Cronbach’s alpha for the simplified Chinese DES measured during the six simulation cases were 0.90 (case one, n = 33), 0.91 (case two, n = 34), 0.91 (case three, n = 34), 0.89 (case four, n = 32), 0.81 (case five, n = 33) and 0.90 (case six, n = 34), respectively (see Supplemental Table 1). The test–retest reliability (ICC) was 0.86 (95% CI 0.64–0.98). When it came to the 200 scales, Cronbach’s alpha was determined for both the experience scale and the importance scale, with the Cronbach’s alpha for all items in the experience scale as 0.90, and the Cronbach's alpha for all items in the importance scale as 0.92. The subscale, Analyzing Thoughts and Feelings, exhibited an alpha value below that of the acceptable value 0.70 [24]. Alpha values for the experience and importance scale within the simplified Chinese DES, and for the subscales, are shown in Table 1.

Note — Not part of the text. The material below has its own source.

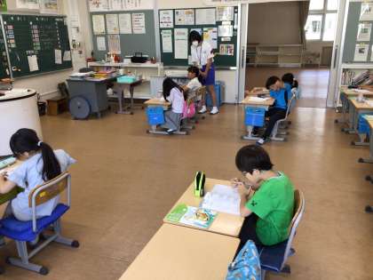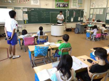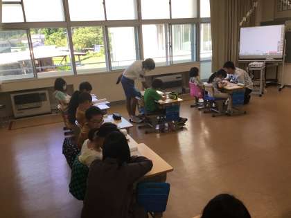 大きな数について学びました。職場体験にきていた2名の稲中生にわからない問題を教えてもらいました。

Table 1 Cronbach’s alpha for the simplified Chinese DES

The correlation coefficient between each item and the total score of the experience scale was 0.48 (item 12) to 0.69 (item 9 & item 18), and 0.50 (item 12) to 0.72 (item 18) for the importance scale. The correlation coefficient between the subscales and the total score of the experience scale was 0.82 to 0.92, with that for the importance scale was 0.83 to 0.93. The correlation was significant at the 0.01 level (2-tailed) (see Table 2). The correlation coefficient between any two subscales was greater than 0.59 (0.60 to 0.79) and the correlation was significant at the 0.01 level (2-tailed).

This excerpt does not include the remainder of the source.